The Rug
The Rug is the new show by the stalwart performer and composer Ben Grant. This is a satirical - operatic performance that delves into his ongoing middle- class-white-man crisis.
The sur-titles run across a middle-eastern hallway rug high above the stage. He stands to the side in a rather dapper yet disheveled beige suit. He blubbers in an operatic atonal voice as he recalls his childhood days at the corner milk bar, gazing at the lollies through the thick curved glass counter.
This is a farcical show that wrestles with the “great” Australian cultural cringe; an absurdist soul searching tale and an understanding of this mixed bag of high and low brow art forms. Grant relishes in his attempts to shake cultural boundaries.

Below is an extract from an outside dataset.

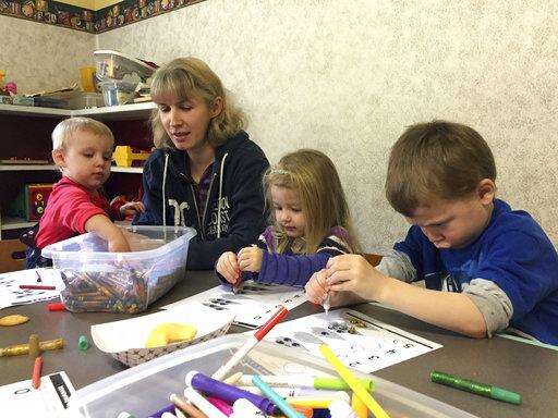 In this April 5, 2017 photo, resident Sarah Crume holds her daughter, Hallie, as siblings Patricia and Thomas Doolittle color nearby at the local church in Tiller, Ore. The church is one of the few buildings in downtown Tiller that is not for sale. Almost all of the downtown in Tiller, a dot on a map in remote southwestern Oregon, is for sale for $3.5 million and the elementary school is for sale separately for $350,000. (AP Photo/Gillian Flaccus) The Associated Press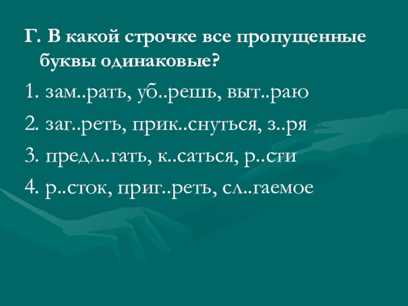 Г. В какой строчке все пропущенные буквы одинаковые?

He dons his plastic Godzilla outfit, shinning light on a frightening new world order, reflecting on racial prejudices while searching for answers in this nation’s colonial past. Switching his wigs, three in fact, with clown-like antics he is in his own Halloween hour of Samhain.
This is a frenzied and a highly energetic performance that is consistently divergent and contrary. The visual projections reflect his self-pronounced life cycle - clearly in his autumn years. The multi-faceted staging compliments this fraught performance and the lightning design (Paul Lim) is a peculiar mix of sharp tones complementing the cacophonous sound design.